Позиция каждой из трех основных групп — правых, левых и центра — была определена на первых же заседаниях III Думы. Черносотенцы, не одобрявшие преобразовательных планов Столы­пина, безоговорочно поддерживали все его меры по борьбе с про­тивниками существующего строя. Либералы пытались противосто­ять реакции, но в некоторых случаях Столыпин мог рассчитывать на их относительно доброжелательное отношение к предлагаемым правительством реформам. При этом ни одна из группировок не могла при голосовании в одиночку ни провалить, ни утвердить тот


или иной законопроект. В подобной ситуации все решала позиция центра — октябристов. Недаром председателем III Думы был из­бран один из лидеров этой партии — Н. А. Хомяков. Октябристов же после революции все чаще и с полным основанием стали назы­вать "столыпинской партией": они готовы были оказать поддержку обоим направлениям правительственной политики — и наведению порядка, и проведению реформ.
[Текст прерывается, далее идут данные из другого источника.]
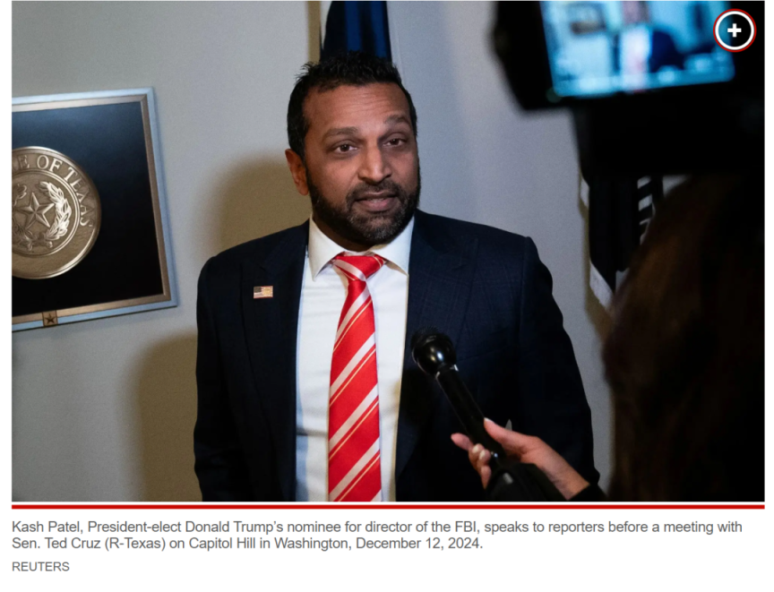 尽管这份发达并未告成点名,但抽象发达执行以及知情东谈主士向CNN涌现的音信,其时担任好意思国众议院谍报委员会认真东谈主的卡什·帕特尔,其个东谈主信息也在FBI的深邃监控鸿沟。《纽约邮报》在13日的报谈标题中称:“FBI曾深邃监控了或将成为他们下任局长的东谈主”。

В результате с первых же заседаний III Думы в ней заработал нехитрый, но действенный механизм, получивший название октяб­ристского маятника. Когда в Думе принималось решение по зако­нопроекту реакционного характера, октябристы голосовали вмес­те с черносотенцами, образуя правооктябристское большинство (292 голоса). Когда же на повестке дня стоял законопроект, связан­ный с преобразованиями, октябристы меняли своих временных со­юзников, образуя левооктябристское большинство (256 голосов). Таким образом, не имея в Думе постоянного большинства, Столы­пин сумел развязать себе руки и проводить ту политику, которую считал необходимой. При этом Дума вполне успешно играла и пред­писанную ей роль отвлекающего фактора: в ней хватало и острых депутатских запросов, и шумных скандалов, в которых, наряду с социал-демократами и трудовиками, с большой охотой участвова­ли и черносотенцы. Особенно усердствовали по этой части лидеры правых — П. Е. Марков и В. М. Пуришкевич.

Столыпин и "верхи" И все же этот, казалось бы, безупречно отлаженный механизм работал со сбоями, которые с каж­дым годом правления Столыпина становились все очевиднее. Дело в том, что столь удобный для правительства октябристский маят­ник функционировал только в Думе. В верхней же законодатель­ной палате, Государственном свете, безоговорочно господствовали правые. Определявшие лицо этого органа верхи бюрократии и пред­ставители земельной аристократии старого, полукрепостнического закала не склонны были идти навстречу реформаторским планам главы правительства...

При этом правые, как правило, находили полное понимание в "верхах" — у царя и его ближайшего окружения. Николай II уже во время революции не скрывал, что считает черносотенцев — "ис­тинно русских людей" — своей единственной надежной опорой. Де­монстративно милостивые приемы черносотенных депутаций, раз­нообразные награды и субсидии, вручаемые лидерам правых, ам­нистия, почти автоматически распространившаяся на "погромных героев", — подобными мерами царь постоянно подчеркивал свои симпатии, более того, свое духовное единство с реакционерами. Ес­тественно, что и реакционно настроенные члены Государственного совета могли рассчитывать на полную поддержку со стороны Ни­колая II.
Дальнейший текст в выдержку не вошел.